The Last Table Dance
“In 1991, one of the founding brothers, Jim Mitchell, shot and killed his brother, Artie Mitchell, who had been struggling with cocaine and alcohol addiction. And as recently as 2014, one daughter, Jasmine Mitchell, had been accused of facilitating a massive identity theft ring; meanwhile, their eldest son, James Mitchell, was sentenced 35 years to life in prison for murdering the mother of his child with a baseball bat in 2009.” Of course, there were happier moments as well.

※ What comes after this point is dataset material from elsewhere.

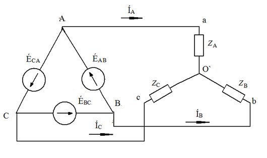 В этой схеме кроме линейных токов нагрузок ÍA, ÍB, ÍC появляются фазные токи нагрузок Íab, Íbc, Íca, протекающие по треугольнику нагрузок.

Where all the lost souls came together’: SF’s O’Farrell Theatre strip club closes after 50 years. I don’t know what they’ll put in its place. The lot will definitely be labeled as an EPA Superfun(d) site…
Rock Bottom
We finally have a sign that things could turn around. 2020 seems to have offered up its ultimate metaphor. New York sinkhole: Man’s horror over fall into rat-infested chasm.
Feel Good Friday
Bryan Bell is a Dodgers fan. So he had a good week. He’s also the designer behind NextDraft and all its associated T-shirts. He’s also, as far as I can tell, a disturbingly good parent. His latest achievement. Socially distant candy distribution. This is almost enough to make me want to start paying him.
+ “A Toronto plumber is helping to make Halloween a bit safer by rigging up an alternative for handing out candy to local trick-or-treaters in his neighbourhood.” Candy Chutes.
+ I am a proud supporter of the Center on Rural Innovation. Yes, I hate Trump. But I love America and want its small towns to thrive. And with CORI’s help, they will. Check out this awesome video: The Rural Edge: Cape Girardeau, Missouri.
+ How Taiwan went 200 days without a locally transmitted case of Covid.
+ Homeless Shelter Staff Are Saving New York’s School System.
+ San Jose Man Donates Collection of 25,000 Baseball Cards to 9-Year-Old Who Lost All Hers in Wildfire
+ Jon Stewart is coming back to TV.
+ For years, I’ve been telling my kids that Kia should upgrade its logo now that it has much nicer cars. My kids ignored me. Kia didn’t.
+ Scarlett Johansson And Colin Jost Got Married In An Intimate Wedding Ceremony. (This is a feel good story for exactly one person: Colin Jost. We’ll deal with him later.)